DocketNumber: 1417 101748-12
Citation Numbers: 140 A.D.3d 474, 31 N.Y.S.3d 879
Judges: Mazzarelli, Acosta, Saxe, Kapnick, Kahn
Filed Date: 6/9/2016
Status: Precedential
Modified Date: 11/1/2024
Sears v S3 Tunnel Constr. AJV |
2016 NY Slip Op 04450 |
Decided on June 9, 2016 |
Appellate Division, First Department |
Published by New York State Law Reporting Bureau pursuant to Judiciary Law § 431. |
This opinion is uncorrected and subject to revision before publication in the Official Reports. |
Smith Mazure Director Wilkins Young & Yagerman, P.C., New York (Marcia K. Raicus of counsel), for appellant.
Gropper Law Group, PLLC, New York (David De Andrade of counsel), for respondent.

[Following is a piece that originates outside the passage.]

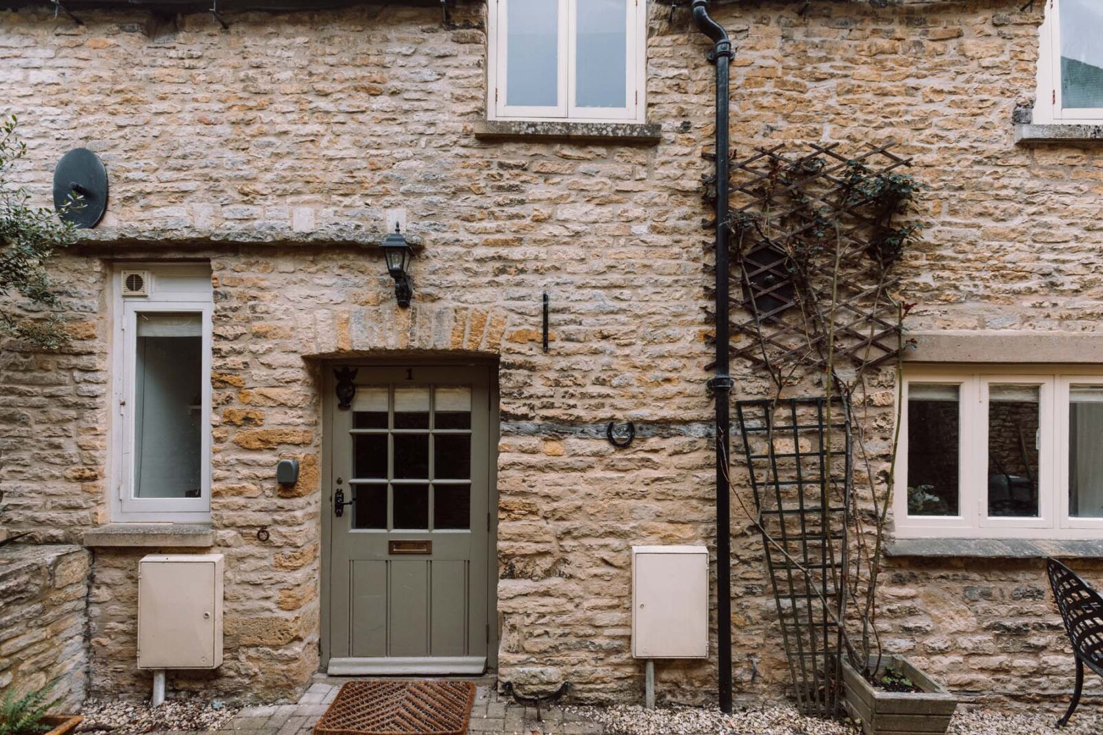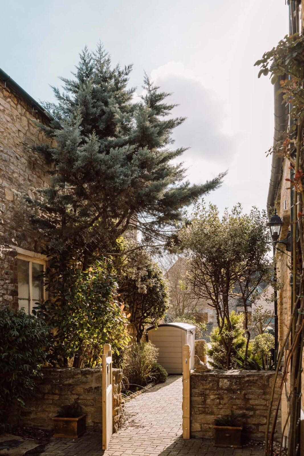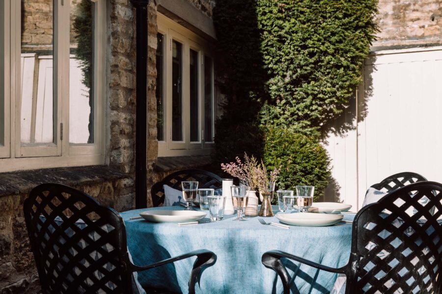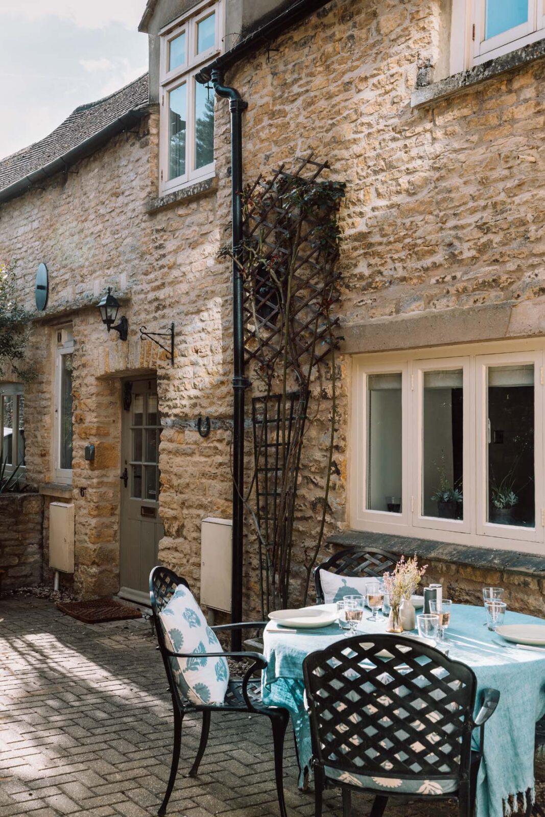 A pretty archway of shrubbery leads you to the front door of the cottage and the outside courtyard, where a table and chairs are set up for warm summer nights with a glass of wine or breakfasts in the sunshine.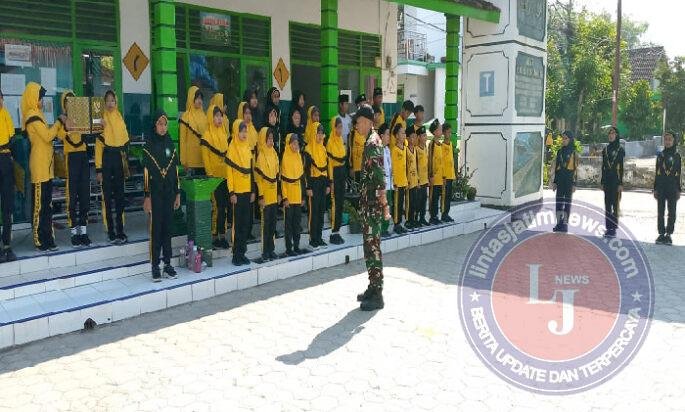 Babinsa Sawahan Latih Siswa MI Disiplin Lewat PBB dan Tata Upacara

Order, Supreme Court, New York County (Kathryn E. Freed, J.), entered March 16, 2015, which, to the extent appealed from, denied defendant Metropolitan Transportation Authority's (MTA) motion for summary judgment dismissing the complaint and all cross claims against it, unanimously affirmed, without costs.
Plaintiff seeks damages for injuries she allegedly sustained when a re-paved trench in the street collapsed under her; at the time, construction of the Second Avenue subway was taking place in the area.
MTA failed to establish prima facie that it owes no duty to plaintiff because neither it nor its contractors launched a force or instrument of harm in performing their contractual duties (see Espinal v Melville Snow Contrs. , 98 NY2d 136, 140 [2002]). While the record conclusively demonstrates that two of MTA's contractors, defendants J. D'Annunzio & Sons, Inc. and S3 Tunnel Construction AJV, performed no work at the location where plaintiff fell, it also shows that there was a total of 10 contracts on the project, and MTA did not show that no work under any of the other contracts was done at that location. There is also evidence that other entities were performing excavation work within the area, and MTA did not show that the work of those entities was not related to the subway construction.
THIS CONSTITUTES THE DECISION AND ORDER
OF THE SUPREME COURT, APPELLATE DIVISION, FIRST DEPARTMENT.